Probably the best-known life-size models of Stegosaurus on display at museums and parks are based on a model created by sculptor Louis Paul Jonas for the Sinclair Oil Corporation as part of their Dinoland exhibit at the 1964 New York World’s Fair. The Sinclair Oil Corporation had adopted a Brontosaurus as its emblem in the early 1930s, alluding to the prehistoric source of underground petroleum (actually formed from marine microrganisms, not terrestrial dinosaurs).The tie-in inspired the company to commission life-size dinosaur models for public display and publicity. The first set of models appeared at the Chicago "Century of Progress" World's Fair in 1933 to 1934, including a Stegosaurus. [24] A new set of updated and improved dinosaur models appeared at the 1939 New York World's Fair (1939 to 1940), again including a Stegosaurus. Sinclair Oil's most famous set of dinosaur models was created for the 1964 New York World's Fair (1964 to 1965). Louis Paul Jonas and his studio crew constructed nine life-size dinosaurs out of painted fiberglass over a supporting steel internal structure, working with paleontologists Barnum Brown, Edwin H. Colbert and John Ostrom to reflect the scientific ideas of the early 1960s (including inaccurate upright, tail-dragging postures for Tyrannosaurus and "Trachodon" [ Edmontosaurus ] and a wrong head for Brontosaurus). [25] After the World's Fair ended, the dinosaur models went on a national tour and were seen by millions of Americans in 37 cities in 25 states. The original models were then donated to different public museums and parks in the United States after the Smithsonian Institution reportedly declined to take them. [26] [27] The original 25-foot Stegosaurus model went to Dinosaur National Monument in Utah in 1970, where it is on display outside the Quarry Visitor Center, with the original 1964 colors restored since 2016.
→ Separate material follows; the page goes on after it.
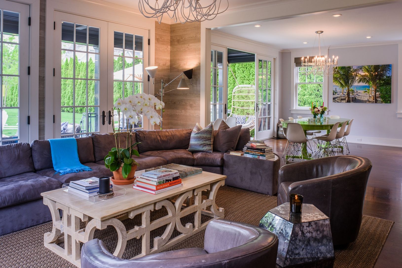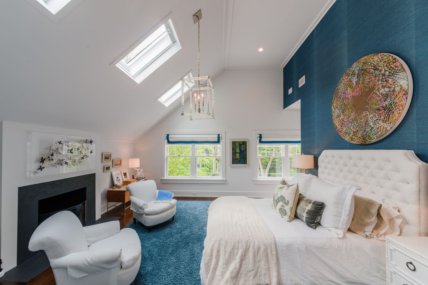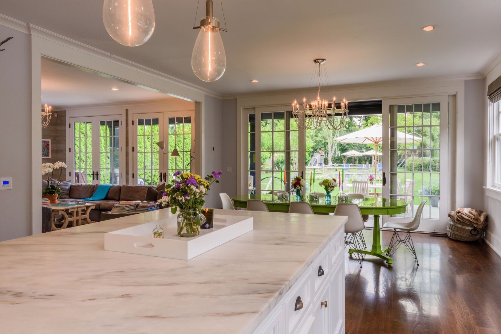 Set on an exceptionally deep and private half acre south of the highway in Water Mill, this 6 bedroom shingle-clad traditional with handsome black trim embraces a style of local agrarian charm improved by modern flourishes. The thoughtfully designed home begins with a welcoming living room with fireplace, high ceilings, and five-inch oak floors. An open kitchen and dining area with Wolf range, Subzero refrigerator and wine cooler has sliding F

The Stegosaurus model proved to be particularly popular and the Jonas Studios produced multiple copies from the original mold that were purchased by museums and other institutions. Unlike the in many ways outdated Tyrannosaurus and Brontosaurus World’s Fair models (now on display at Dinosaur Valley State Park in Texas), [28] the Jonas Stegosaurus model still looks reasonably accurate based on modern research, apart from the drooping tail (actually held straight) and the vertical tail spikes (now thought to be angled horizontally). The replica models were given local nicknames and remain popular attractions, especially for children. Stegosaurus models on public display outside museums include "Steggie II" at the Cleveland Museum of Natural History (installed 1997), "Wally" at the Berkshire Museum in Pittsfield, Massachusetts (installed 1997 and nicknamed for its "walnut-size" brain; originally known as "Steggie" at the Cleveland Museum (installed 1968), before being moved to Pittsfield and replaced with the new "Steggie II"), "Siegfried" or "Siggy" at the EcoTarium in Worcester, Massachusetts (installed 1964), "Steggy" at the Fernbank Museum of Natural History in Atlanta, Georgia (installed 1992), and "Steggy" at the Cranbrook Institute of Science in Bloomfield Hills, Michigan (installed in 1980 to celebrate its 50th anniversary). [29] [30] [31] [32] [33] The Stegosaurus model at the Milwaukee Public Museum in Wisconsin is located inside as part of the Third Planet exhibit of prehistoric life that opened in 1983. [34] Some of the models have been given different paint jobs over the years, and in some cases refurbished, repaired, and updated by the Jonas Studios.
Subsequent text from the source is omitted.